Our second day in Cheticamp began with a drive through dense fog up the Cabot Trail to the tip of Cape Breton just past Ingonish to a small inlet, Meat Cove, where we boarded a real Nova Scotian fishing boat to whale watch. We drove for an hour and a half and the closer we came to our destination, the more the fog lifted and the sun shone.
Our captain, Cyril was a real comic, showing us how to use a life vest like he was a steward on an airplane, then dropping a single vest in the middle of the boat saying, “you’ll all have to fight over it if we go down.” The rest appeared shortly after and he actually brought sunscreen to share with everyone. We should have taken the hint, because we all got a bit of a sunburn from two hours on the water during the sunniest day of our trip.
We pulled out of port and into the open water of the Atlantic ocean, but close enough to shore to avoid large swells. Along the rocky coast, our co-pilot spotted a bald eagle and binoculars were passed around so we could all get a close-up view of the majestic bird on it’s nest.

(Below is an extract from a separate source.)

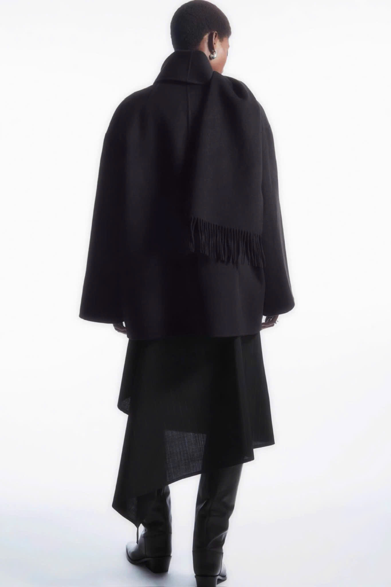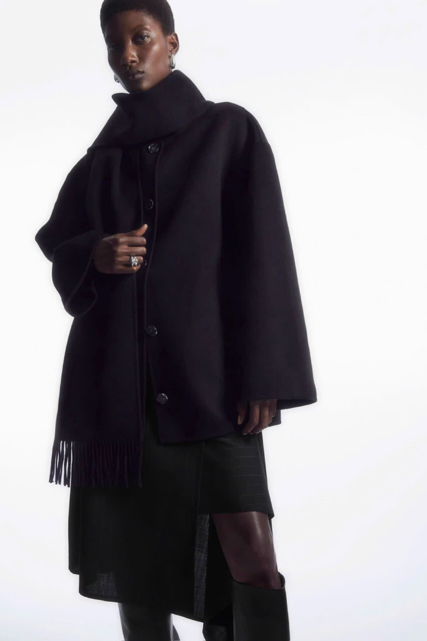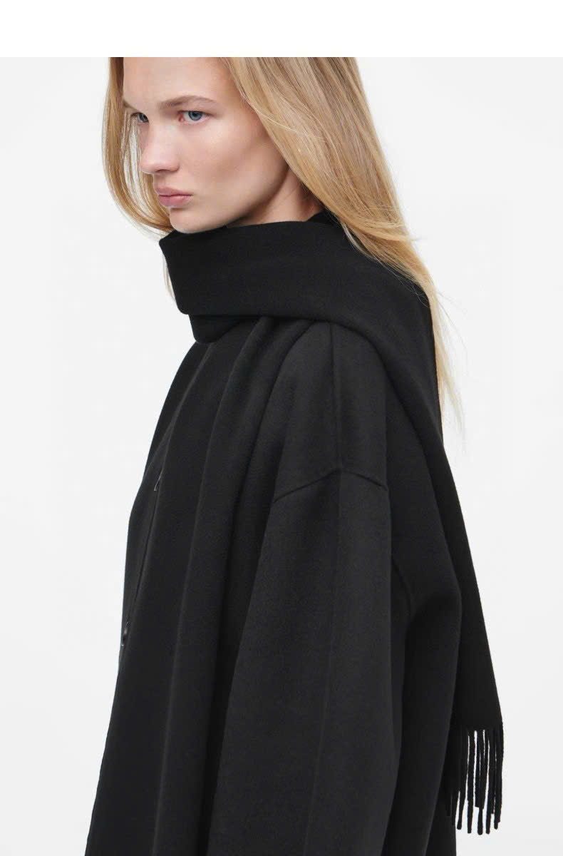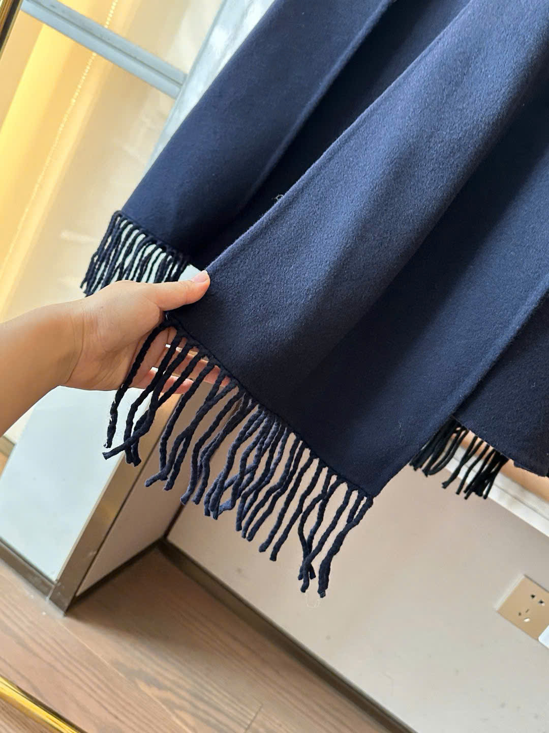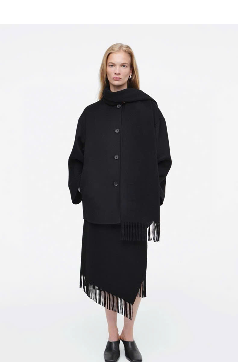Áo khoác len Sandro dệt kim 2 hàng khuy viền trắng cổ tròn

Out in the Atlantic the boat would speed up, then Cyril and his copilot would spot something on the horizon, change course, then stop the motor and wait. In several minutes the whales surfaced and we heard them push water and air from their blowholes with a tremendous whoosh.
They came close to the boat, swam under us, and stopped to look.
The co-pilot was a marine biology student who had been tracking the pilot whales and they had even named the members of each pod. The particular pod had two baby pilot whales who rode closely along side their mother trying desperately to keep up.
After several turns of following the whales and finding another pod, Cyril drove us to a sheltered cove along shore. The views were like a journey through time to the jurassic age.
Jellyfish filled the water, white, and orange, and yellow water flowers that floated and swam in a greenish hued water. Cormorants danced on rocks and squawked at our approach.
We sped once more back to shore and spotted several seals along the way, but they were too shy and swam away as soon as we approached. It was truly one of the most remarkable experiences we have ever had.